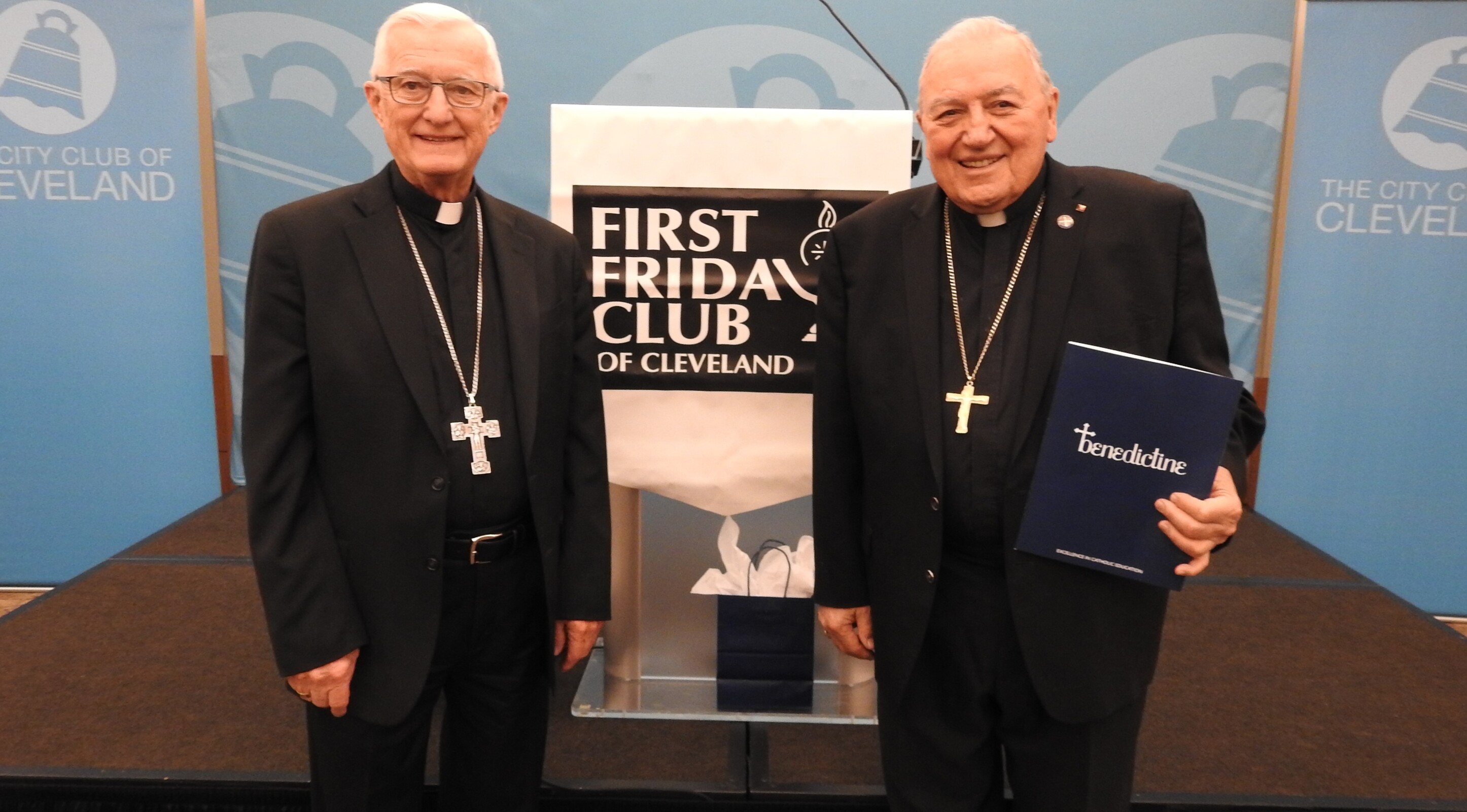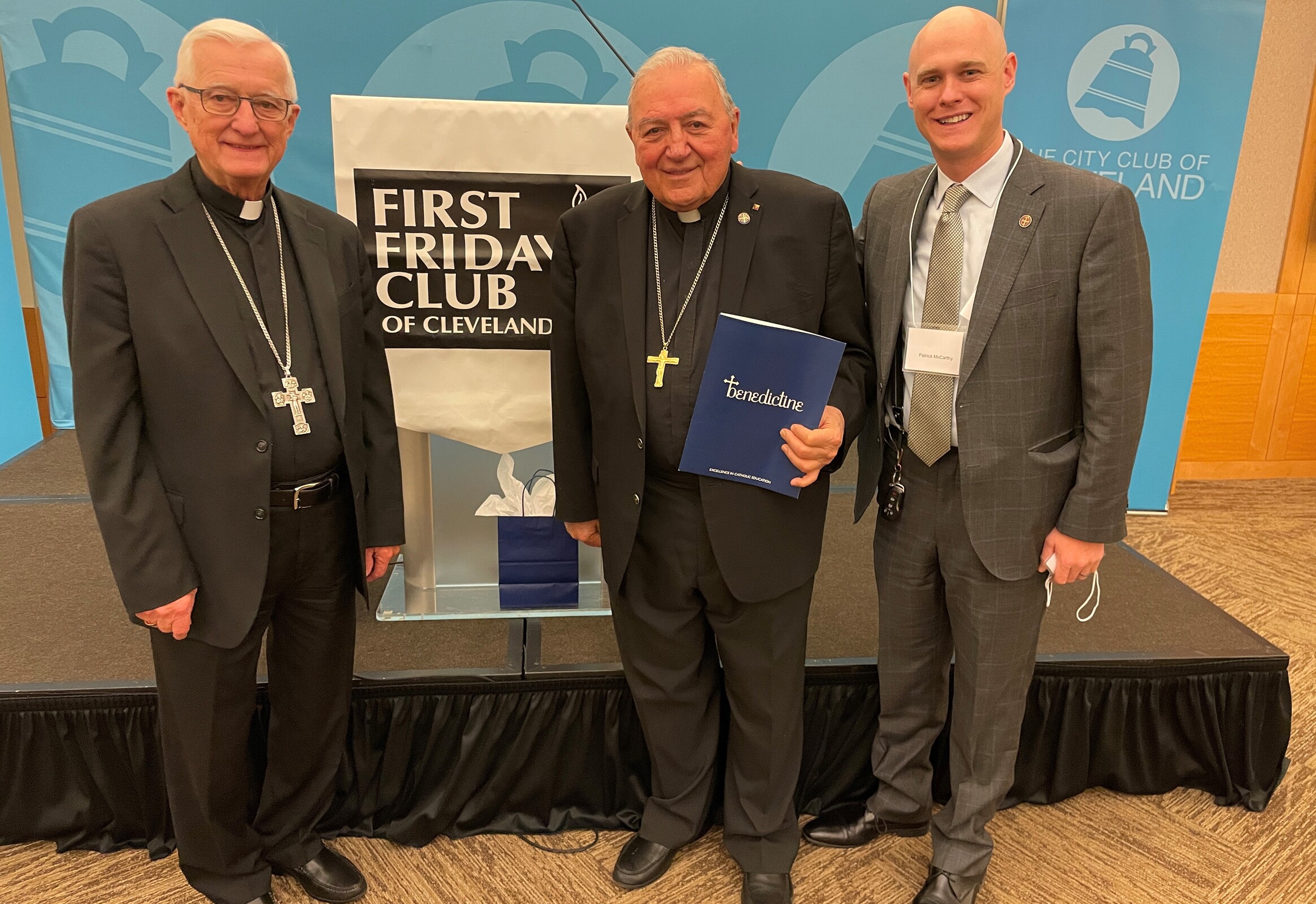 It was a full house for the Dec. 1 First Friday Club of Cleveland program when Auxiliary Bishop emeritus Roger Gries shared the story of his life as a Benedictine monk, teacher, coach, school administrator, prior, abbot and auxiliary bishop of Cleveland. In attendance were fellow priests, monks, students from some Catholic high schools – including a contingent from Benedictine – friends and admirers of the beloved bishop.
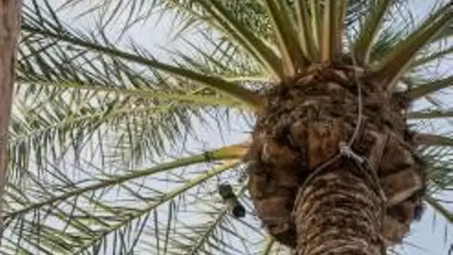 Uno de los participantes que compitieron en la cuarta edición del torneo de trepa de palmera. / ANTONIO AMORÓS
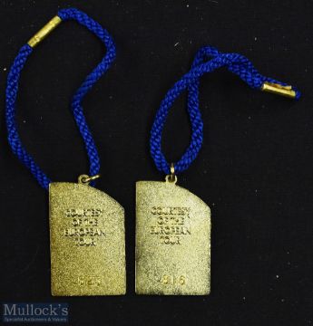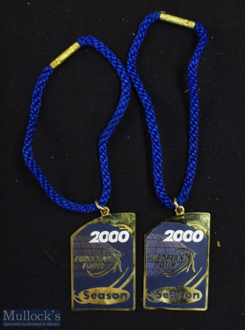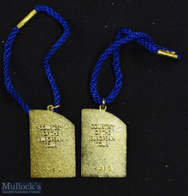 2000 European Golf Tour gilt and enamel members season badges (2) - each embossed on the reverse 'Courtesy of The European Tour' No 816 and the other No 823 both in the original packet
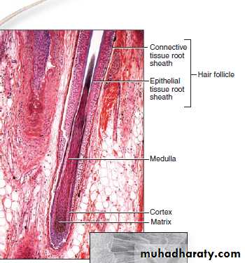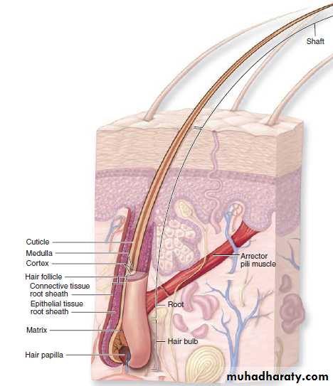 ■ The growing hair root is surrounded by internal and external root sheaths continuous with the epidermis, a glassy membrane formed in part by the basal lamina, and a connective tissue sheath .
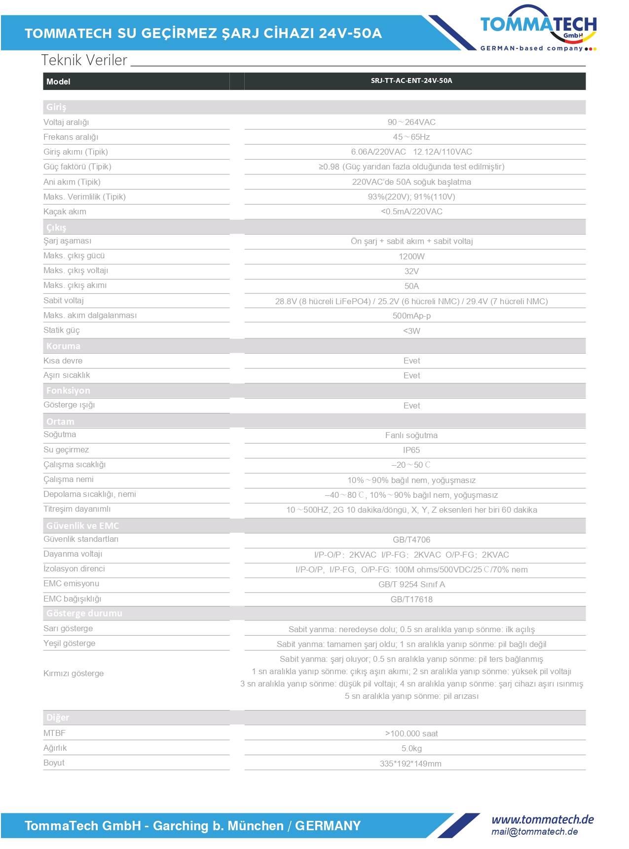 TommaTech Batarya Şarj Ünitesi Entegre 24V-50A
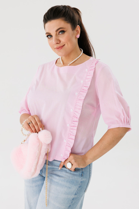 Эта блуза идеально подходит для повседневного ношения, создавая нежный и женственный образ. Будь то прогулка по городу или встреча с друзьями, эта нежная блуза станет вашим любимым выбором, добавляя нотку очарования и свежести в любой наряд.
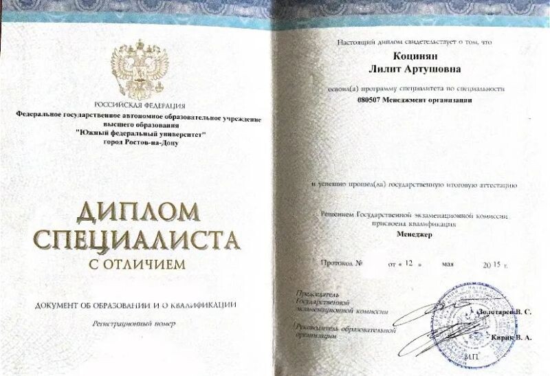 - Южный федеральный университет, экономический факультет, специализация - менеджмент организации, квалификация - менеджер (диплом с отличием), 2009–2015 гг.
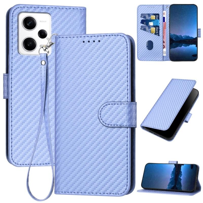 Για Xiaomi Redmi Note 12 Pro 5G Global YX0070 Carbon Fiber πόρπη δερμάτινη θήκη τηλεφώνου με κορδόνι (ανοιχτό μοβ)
- - - - - - -
» **PROBLEM REQUIREMENTS**: The answer must be an exact transcription of the lines from the one holding "2000 European Golf" to the last line of the entries above, with no pictures and nothing else.

» **REPLY**:
 2000 European Golf Tour gilt and enamel members season badges (2) - each embossed on the reverse 'Courtesy of The European Tour' No 816 and the other No 823 both in the original packet
 ■ The growing hair root is surrounded by internal and external root sheaths continuous with the epidermis, a glassy membrane formed in part by the basal lamina, and a connective tissue sheath .
 TommaTech Batarya Şarj Ünitesi Entegre 24V-50A
 Эта блуза идеально подходит для повседневного ношения, создавая нежный и женственный образ. Будь то прогулка по городу или встреча с друзьями, эта нежная блуза станет вашим любимым выбором, добавляя нотку очарования и свежести в любой наряд.
 - Южный федеральный университет, экономический факультет, специализация - менеджмент организации, квалификация - менеджер (диплом с отличием), 2009–2015 гг.
 Για Xiaomi Redmi Note 12 Pro 5G Global YX0070 Carbon Fiber πόρπη δερμάτινη θήκη τηλεφώνου με κορδόνι (ανοιχτό μοβ)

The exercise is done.